Between 1978 and 1981, there were about 20 attacks on women and girls in Smolensk and its environs, 13 of which resulted in murder involving rape. He committed the first murder in the historic part of the city, not far from the Assumption Cathedral. Storozhenko was not a strangler in the literal sense of the word, as he sadistically tortured and finished off victims in various ways; one of his victims was a 12-year-old student of the 31st Smolensk Secondary School, whose body was found in a sand pit with signs of torture. Once, the killer attacked a woman who turned out to be a decoy, a law enforcement officer, but Storozhenko was then frightened off by one of the policemen in the ambush. During the fight, he left traces of blood, as a result of which the criminal's blood type was established. It is also noteworthy that Storozhenko himself was a police informant and participated in the searches for the strangler.

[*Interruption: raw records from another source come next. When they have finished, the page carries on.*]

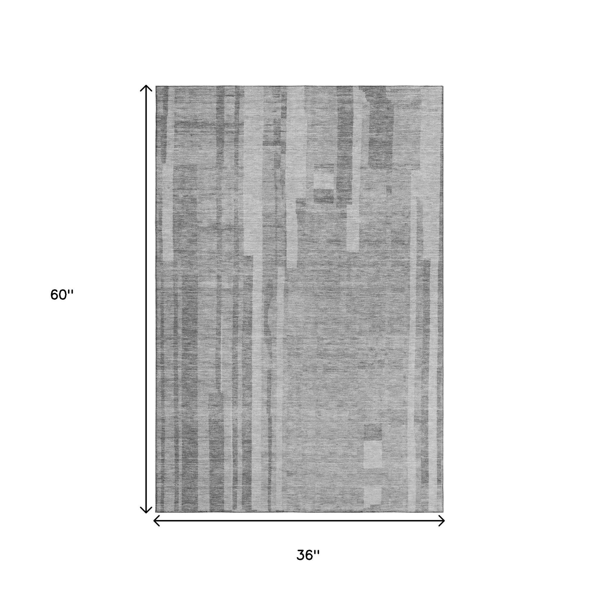 This 3-foot x 5-foot gray and silver striped washable area rug with uv protection, is a great way to add warmth to a room. Ideal for spaces with kids and pets, this rug is stain resistant to help repel dirt and spilled liquids. Built to last, this rug crafted from polyester fibers is known for its durability and long lasting appeal. Rugs are a great way to showcase your style, hide imperfections, warm your home and reduce noise. This smaller sized, transitional styled rug is just what you need for your walkway, bedside, in front of door, cabinet, refrigerator, or chair. 36.00-inch h x 60.00-inch w x 0.39-inch d.
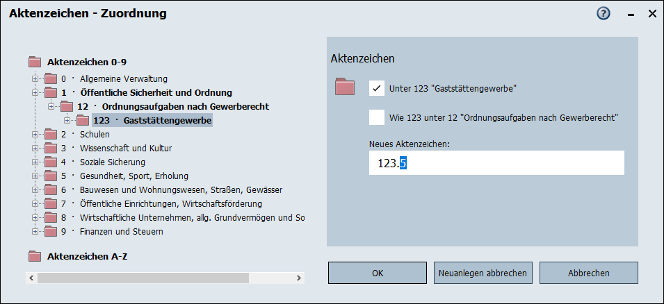 Beim Neuanlegen von Aktenzeichen wird in dem Eingabefeld Neues Aktenzeichen ein Vorschlag für das neue Aktenzeichen angeboten, beispielsweise die nächste freie fortlaufende Nummer an der entsprechenden Stelle; ist kein solcher Vorschlag möglich, wird die letzte Ebene mit Fragezeichen dargestellt und muss manuell festgelegt werden.
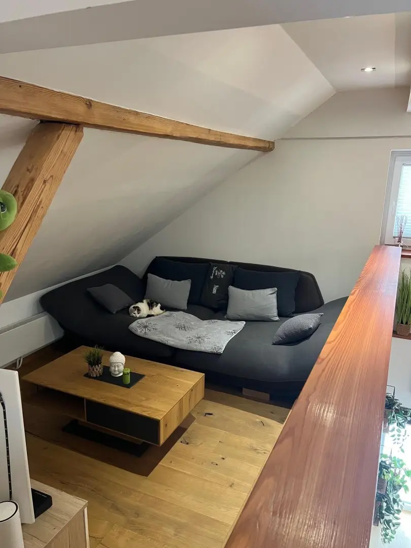 Die größere 2. Wohneinheit mit eigenem Eingang befindet sich im 1. OG (ca. 100,88 m²) u. Dachgeschoss (ca. 78 - 83,5 m²)und hat folgende Raumaufteilung vorzuweisen:
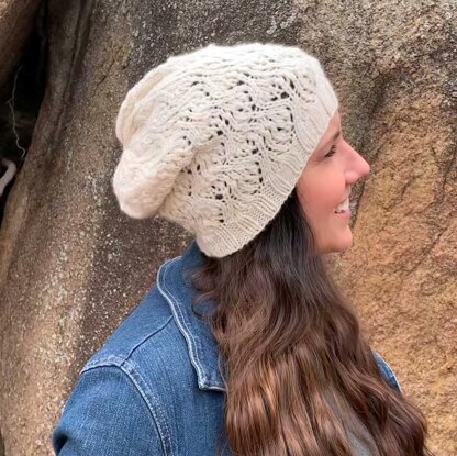 You only need 140 yards of yarn to make this lovely beanie. The weaving lace pattern is beautiful and dense enough to keep your head warm on the chilliest of days.
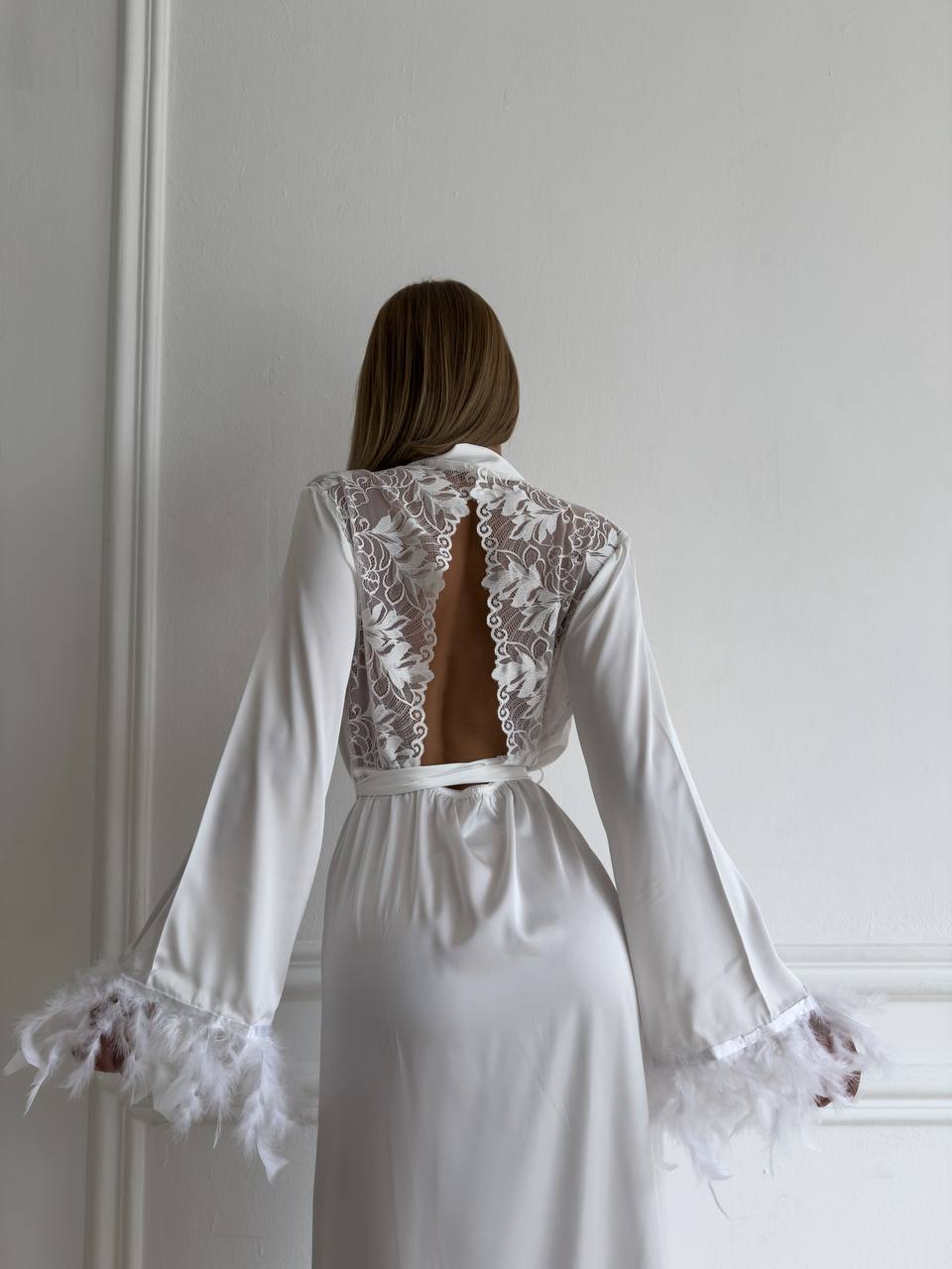 Жіночий Довгий Білий Атласний Халат із Пір’ям на Рукавах та Мереживною Спинкою

Four innocent people were arrested for Storozhenko's crimes: the first was an employee of the prosecutor's office, and before his innocence was proven he spent 9 months in jail. After his release, he had to resign from the prosecutor's office and leave the city. The second, a traffic policeman, was arrested as an accomplice of the first. In the murder investigation of a woman in the recreation area of the Smolensk Aviation Plant, the authorities also accused a local guard who had previously been convicted of collaborationism during the Second World War and, under the pressure of investigators, had incriminated himself. Finally, authorities arrested a person for stealing who, under the threat of execution, was forced to confess to killing his wife and sentenced to 9 years imprisonment.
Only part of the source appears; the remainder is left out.